1966: The Year The World Witnessed The Greatest At His Greatest

By James Slater - 08/01/2021 - Comments

You might not be able to believe it, much less remember it, but there was a time when the heavyweight champion of the world fought way more than once, twice, even three times a year. These days (Covid or no) we fight fans are left starving between big world heavyweight title fights, with the stars of the sport’s premier division so often fighting once a year; maybe twice a year if we’re lucky.

Go back to the prime – the robbed, cut far too short prime – of Muhammad Ali, and we got no less than five performances from the great man. Ali, approaching his absolute physical peak, the government closing in, made sure to do his stuff for as long and as rapidly as he could. And the heavyweight division benefited.

This was 1966, and Ali (still being called Cassius Clay by too many people) was 24 years of age. Never had the sport seen a big man as blurringly fast, as agile, as sharp, as damn near impossible to hit with a clean shot. Ali was, to put it clearly, untouchable – this with a large, great “U.”

YouTube video

This, average, to good, to very good fighters George Chuvalo, Henry Cooper, Brian London, Karl Mildenberger, and Cleveland Williams found out to their cost. The best version of Ali the world ever saw faced an immovable object who could go to the body with venom (Chuvalo), a great left hooker (Cooper, in a rematch of a fight that had seen Ali heavily decked), a tricky southpaw (Germany’s Mildenberger the only one Ali ever faced in his long career), and a huge puncher who, though past his best, was still dangerous (Williams).

And over the course of 39 rounds, Ali conquered all Chuvalo, Cooper, Mildenberger, and Williams could summon (with Ali also picking up a win over the grossly out of his depth Brian London). In short, the peak Ali could fathom any style, he could avoid any punch, he lived in the gym, and he fought as though his career was on the line. Which it was.

Where no rival boxer could have a prayer of beating Ali, the US government could. It took time, but Ali’s refusal to serve in the unjust Vietnam War caught up with him. After just two fights in 1967 – commanding wins over Ernie Terrell and Zora Folley – Ali’s license to box was gone, taken, perhaps never to be returned by Uncle Sam. As such, the world never got to see just how extra, extra-great Ali could have become.

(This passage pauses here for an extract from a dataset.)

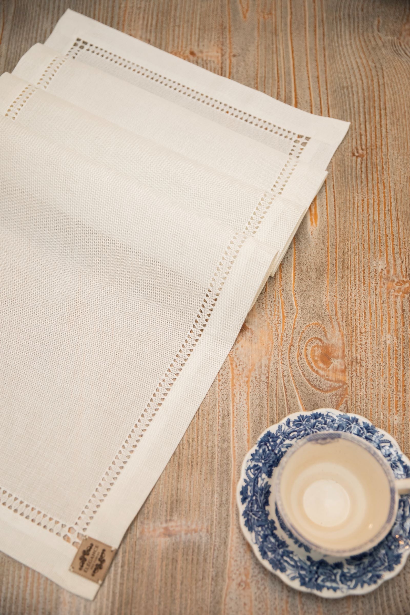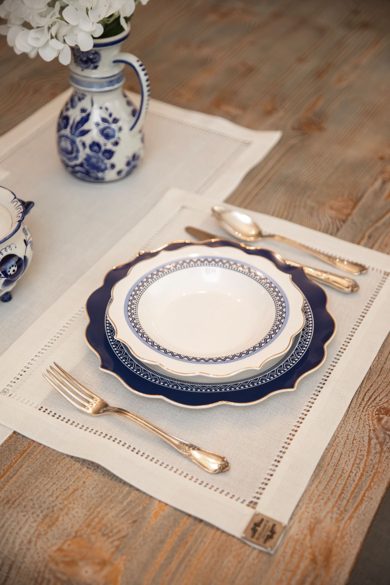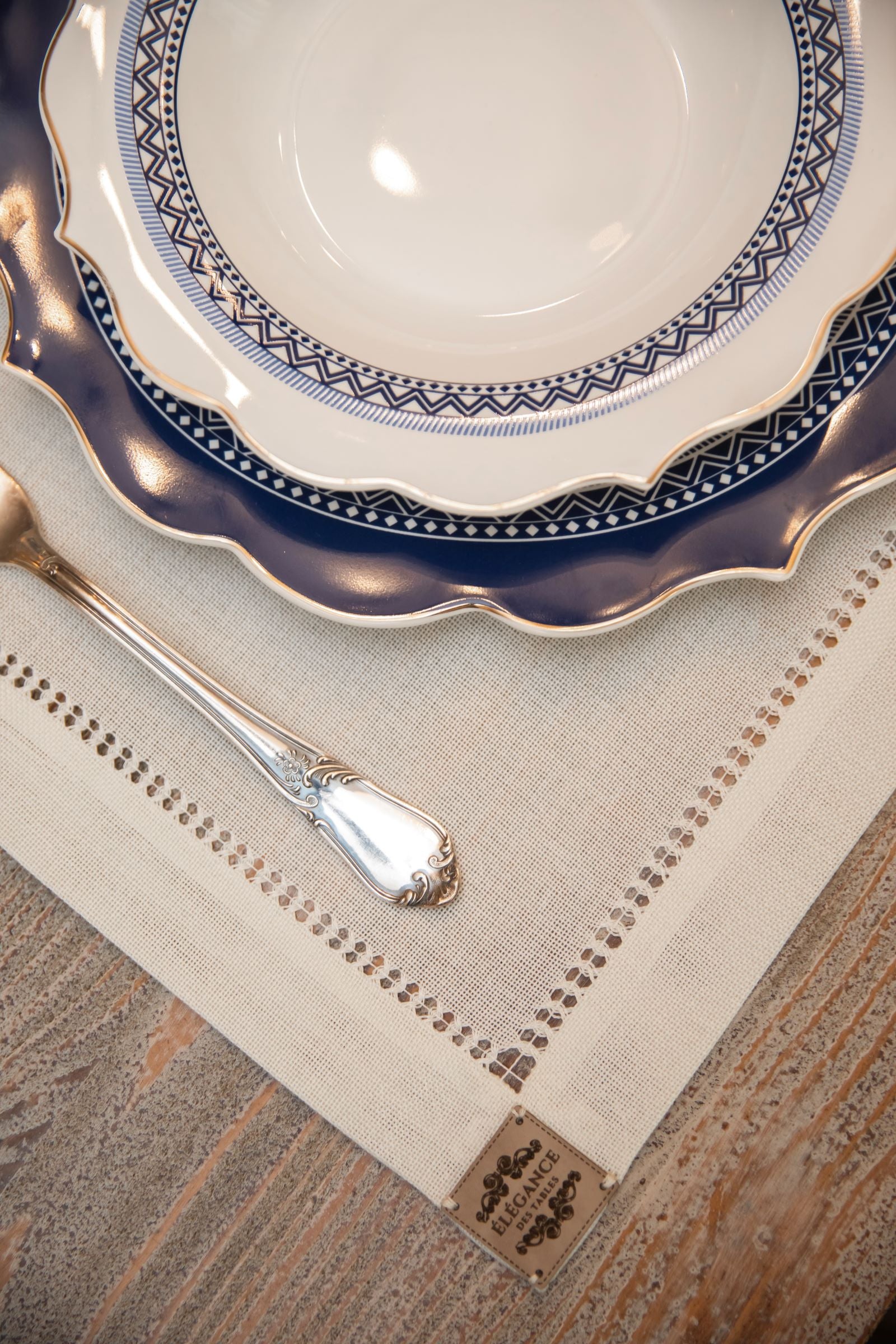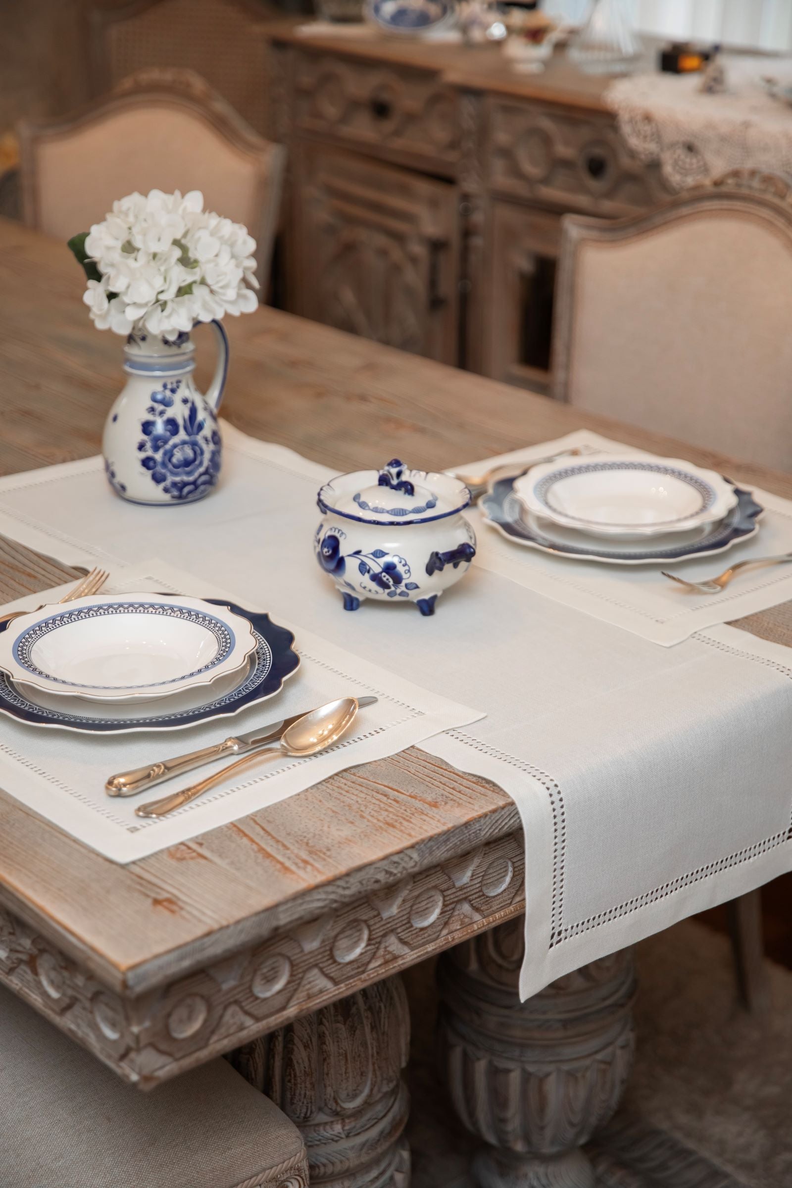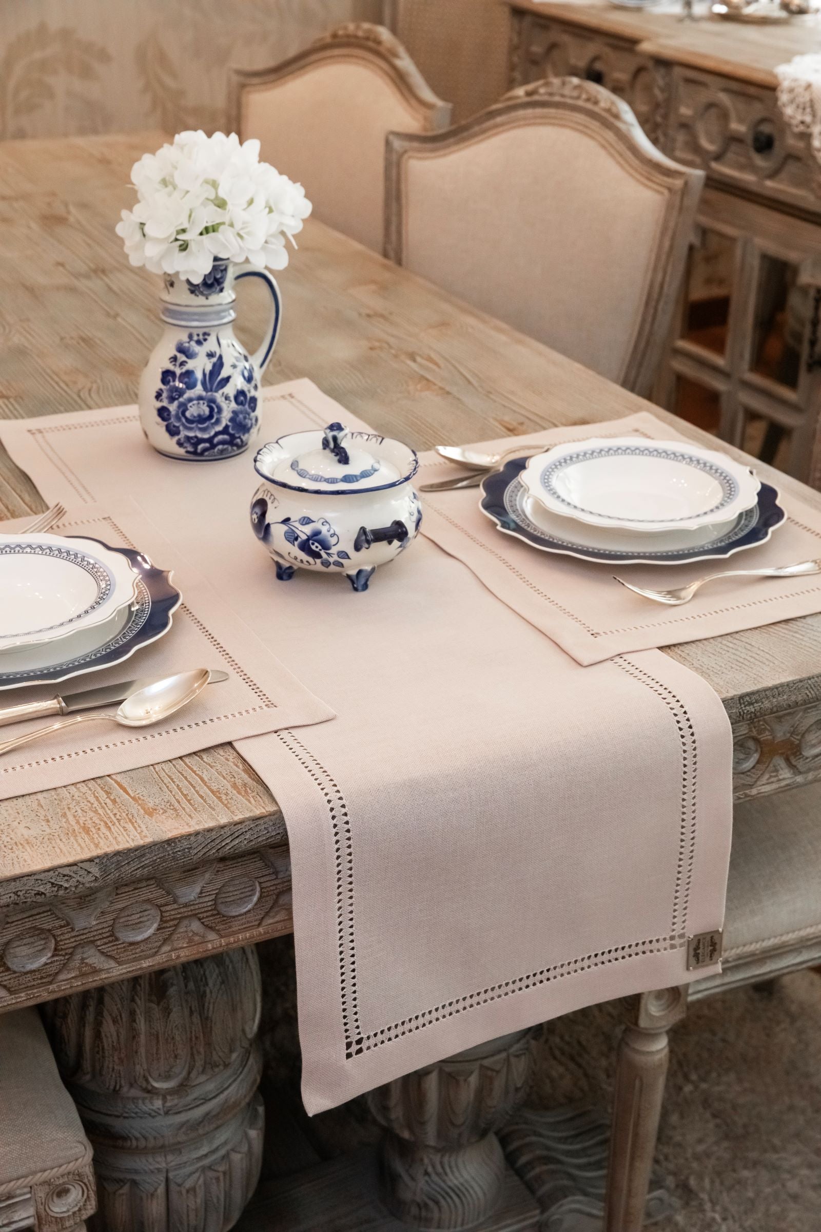 Elevate your dining experience with our exquisite placemat and runner set, featuring delicate handmade Ajouré borders. Each piece is meticulously crafted by skilled artisans, blending traditional craftsmanship with timeless elegance. The intricate Ajouré detailing adds a sophisticated touch, making this set the perfect centerpiece for any dining occasion. Ideal for those who appreciate the art of handmade decor, this set not only enhances your table setting but also brings a sense of refined beauty to your home. Experience the elegance and delicacy of handcrafted design with this elegant set.

Could any heavyweight fighter hope to have had a hope of beating the 1966/67 Ali? Not a chance. And at age 26, as Ali turned in January of 1968, The Greatest would have retained his almost supernatural speed of both hand and foot, he would have lost none of his sheer confidence, and Ali would have added physical maturity and with it physical strength to his game. It’s almost frightening how fantastic this version of Ali would have been.

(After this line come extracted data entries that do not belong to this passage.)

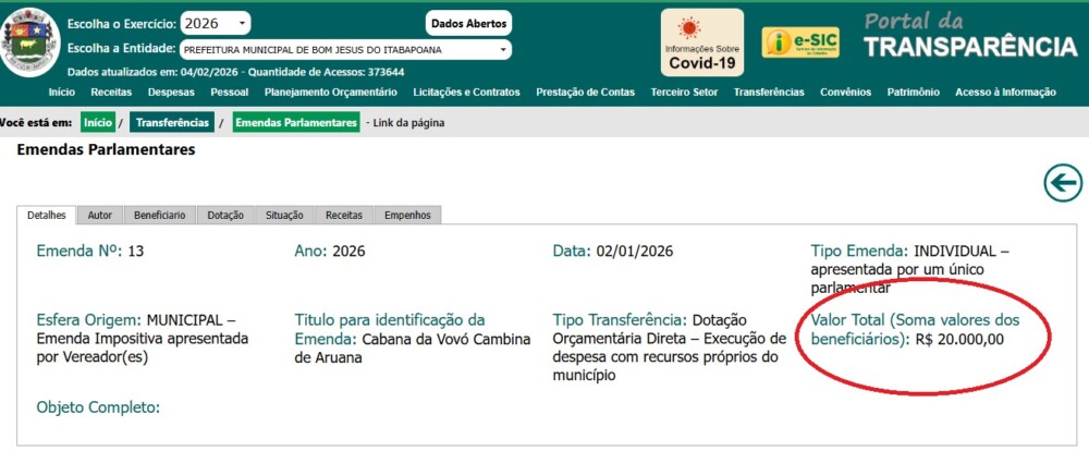 Em Bom Jesus do Itabapoana, o blogueiro Wisley Fernandes trouxe à tona duas emendas parlamentares de R$ 20 mil cada, protocoladas em 02 de janeiro de 2026, de autoria dos vereadores Haroldo Garcia e Toizinho. Os recursos foram destinados à organização religiosa Cabana da Vovó Cambina, localizada em Aruanã e vinculada, segundo registro de CNPJ, ao município de São José de Ubá, fora da cidade que concedeu os votos aos parlamentares.
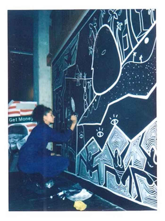 Gabi Brunhoso (she/her) is a 30-year-old illustrator, visual artist from Amsterdam, the Netherlands. Anything could serve as a canvas for her illustrations, from vibrant murals to customized objects. Recognizable by bold lines, funky figures shaking their butts, tropical vibes, and overall fun aesthetics. She made a window drawing as part of the exhibition, with the theme “ownership in the city.
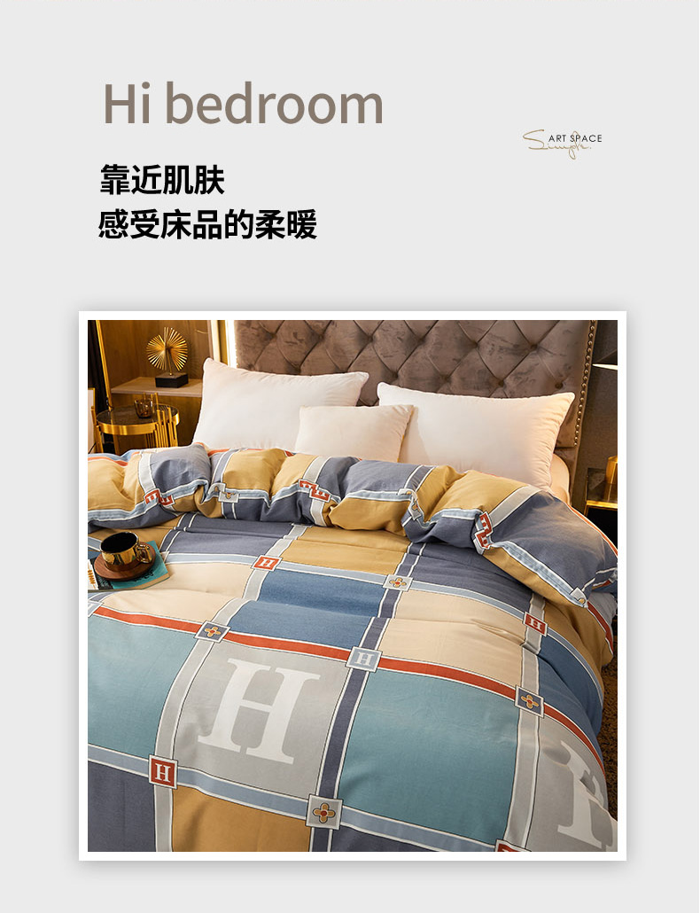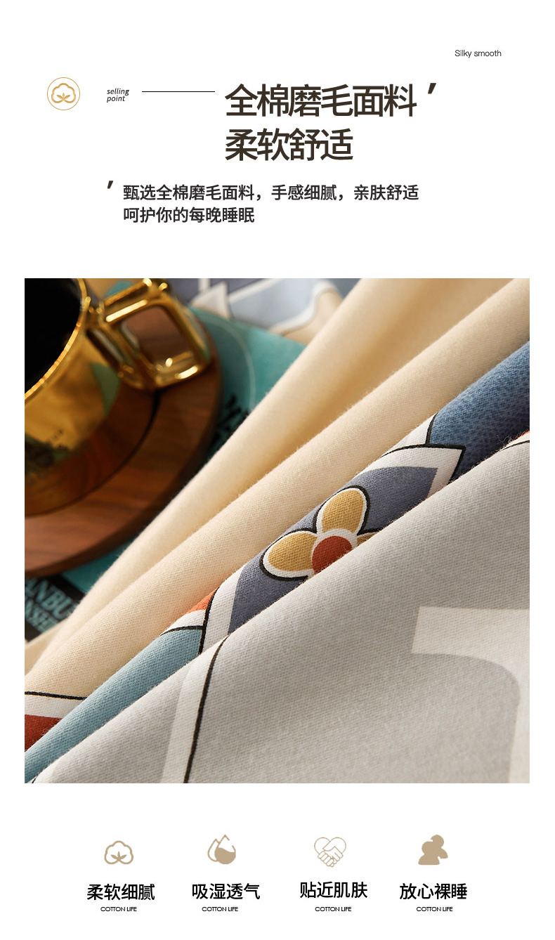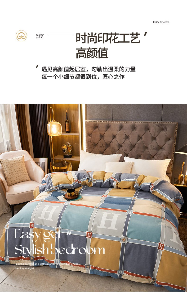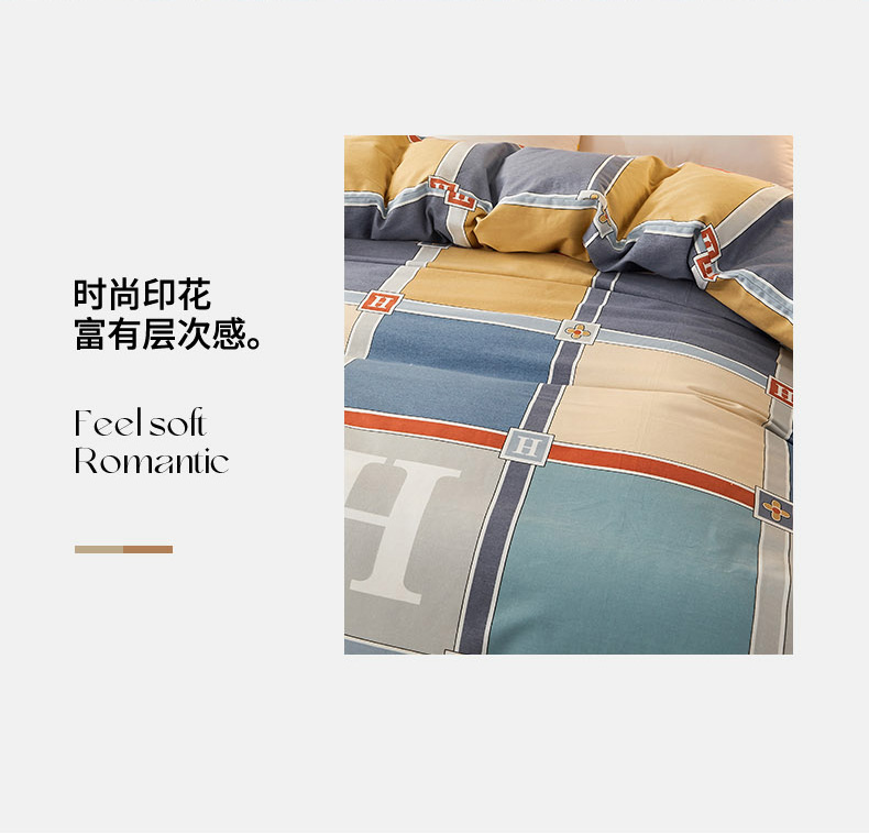 • 91家纺网 家纺一手货源 找家纺 伊而梦 2023新款全棉磨毛印花四件套系列单品被套 花语日记-蓝

https://www.youtube.com/watch?v=iufYR12VFsA

Yet Ali was robbed. As was the world. We must be content watching and re-watching those Ali-Chuvalo, Ali-Cooper, Ali-Mildenberger, Ali-Williams fights/masterpieces. What, you might ask, has happened to the heavyweight division? Sure, we were blessed when Ali was doing his stuff, but today’s weakened division does not match any previous era. Does it?